WHAT TO PRODUCE:
Print the listing as it stands, omitting all images.

SUPPLIED MATERIAL:
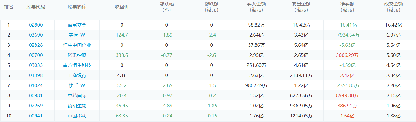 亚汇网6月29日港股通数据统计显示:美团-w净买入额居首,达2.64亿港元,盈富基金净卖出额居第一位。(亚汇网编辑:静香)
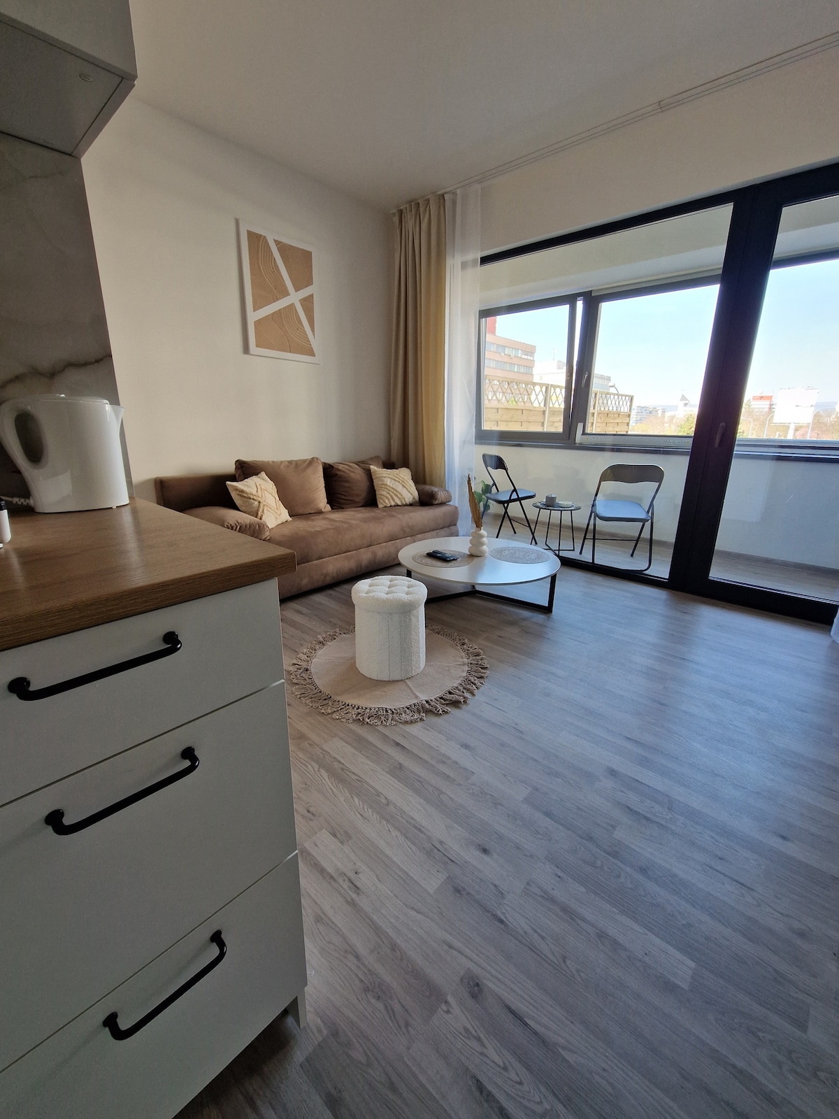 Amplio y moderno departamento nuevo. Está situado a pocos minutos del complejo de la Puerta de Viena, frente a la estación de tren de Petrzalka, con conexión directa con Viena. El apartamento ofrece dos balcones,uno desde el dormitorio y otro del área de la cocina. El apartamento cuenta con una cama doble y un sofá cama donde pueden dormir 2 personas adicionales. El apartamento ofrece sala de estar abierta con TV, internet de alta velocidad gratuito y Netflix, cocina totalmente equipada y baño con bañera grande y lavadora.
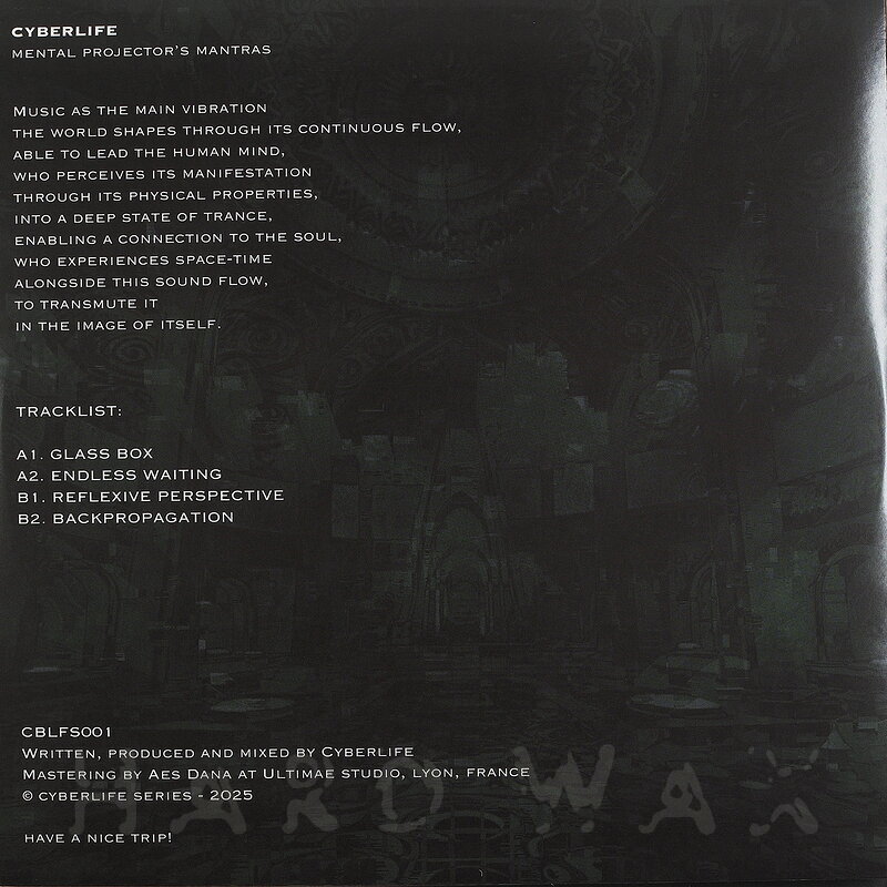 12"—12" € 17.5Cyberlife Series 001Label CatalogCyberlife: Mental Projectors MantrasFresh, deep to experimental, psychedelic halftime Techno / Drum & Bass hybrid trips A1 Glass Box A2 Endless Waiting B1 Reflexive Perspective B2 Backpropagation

REPLY:
 亚汇网6月29日港股通数据统计显示:美团-w净买入额居首,达2.64亿港元,盈富基金净卖出额居第一位。(亚汇网编辑:静香)
 Amplio y moderno departamento nuevo. Está situado a pocos minutos del complejo de la Puerta de Viena, frente a la estación de tren de Petrzalka, con conexión directa con Viena. El apartamento ofrece dos balcones,uno desde el dormitorio y otro del área de la cocina. El apartamento cuenta con una cama doble y un sofá cama donde pueden dormir 2 personas adicionales. El apartamento ofrece sala de estar abierta con TV, internet de alta velocidad gratuito y Netflix, cocina totalmente equipada y baño con bañera grande y lavadora.
 12"—12" € 17.5Cyberlife Series 001Label CatalogCyberlife: Mental Projectors MantrasFresh, deep to experimental, psychedelic halftime Techno / Drum & Bass hybrid trips A1 Glass Box A2 Endless Waiting B1 Reflexive Perspective B2 Backpropagation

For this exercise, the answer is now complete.